Worldline has launched an end-to-end solution to provide an enhanced, seamless and secure payment experience for mobility operators and their customers.
The new Mobility Payments Suite offers a wide range of experiential enhancements designed to meet any customer’s payment needs, the payment service provider said in a Wednesday (July 19) press release.
“With our Mobility Payments Suite, we are delighted to offer mobility operators and their customers the latest, most seamless and secure solution available on the market today,” Sebastien Givry, head of mobility, merchant services at Worldline, said in the release.
Worldline’s Mobility Payments Suite aims to make the payment process seamless, thereby removing the friction that can be an obstacle to consumer adoption of public transport, according to the press release.
The new product provides personalization without compromising privacy; brings different mobility providers into a single ecosystem so that consumers can easily pay for more than one form of transport; and accommodates payment acceptance over the counter, at a ticket vending machine and online, the release said.
To protect consumers and providers in the mobility ecosystem, Worldline’s advanced fraud management capabilities employ artificial intelligence (AI) and machine learning (ML), per the release.

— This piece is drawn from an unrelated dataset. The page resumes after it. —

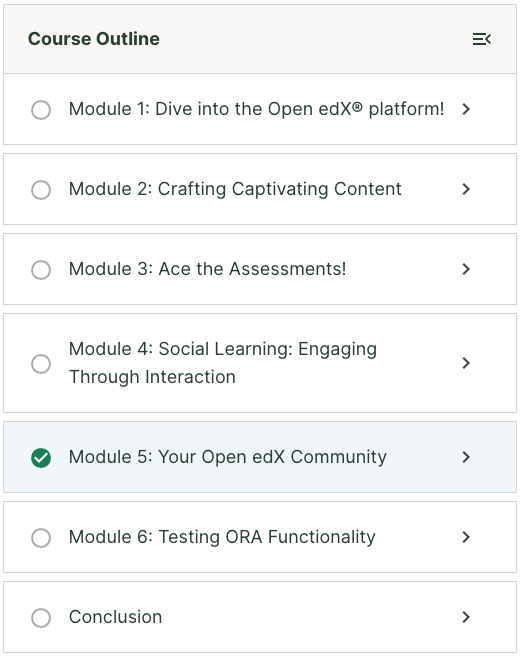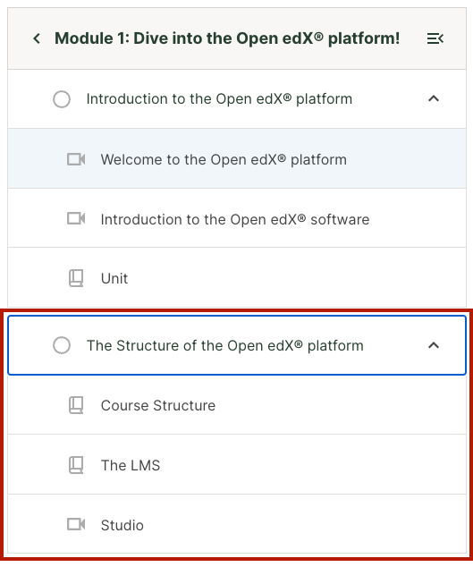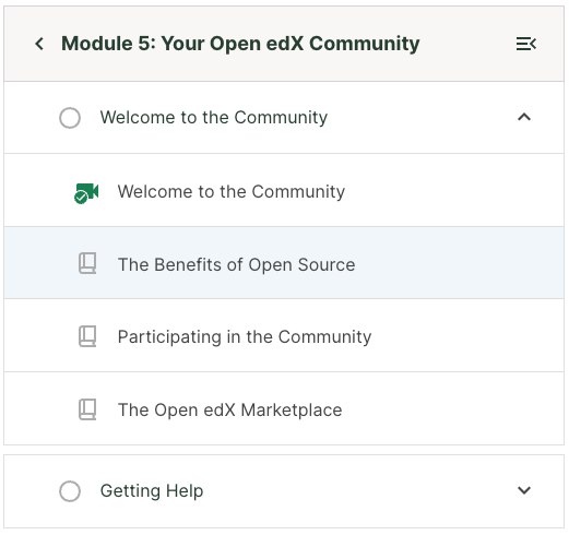 Additionally, learners can easily navigate the course non-linearly without having to go to the Course Outline page. Learners can click on any unit in the sidebar to view that unit. The sidebar displays both the unit name and an icon indicating the type of content in that unit. The idea is to give the learner a fuller sense of what content exists where in the course, so that they can navigate it in a way that makes sense for them.

“Customers expect the best and most efficient payment means to be accepted at the time they make their purchase or journey,” Givry said in the release. “Out of our ambition to combine innovation and CSR, Worldline is committed to providing high-quality payment services to support the fast-changing mobility sector.”
Payments are now considered part of the customer experience, Worldline’s Consulting Services Global Head of Travel Services Laurie Gablehouse told PYMNTS’ Karen Webster in an interview posted July 6.
In the travel space, for example, broadening payment acceptance allows consumers to craft the trips they want, with the providers they want, and redeem loyalty and rewards along the way, Gablehouse said.
There has been a push by public transit authorities to consider open-loop payment systems that accept the rider’s preferred payment method, Andrew Yablonovsky, associate vice president of product strategy and growth at Interac, told PYMNTS in an interview posted in November 2022.
Interac, Canada’s interbank debit network provider, has found that two-thirds of consumers would be likely to pay for transit by tapping their debit or credit cards if the option was available.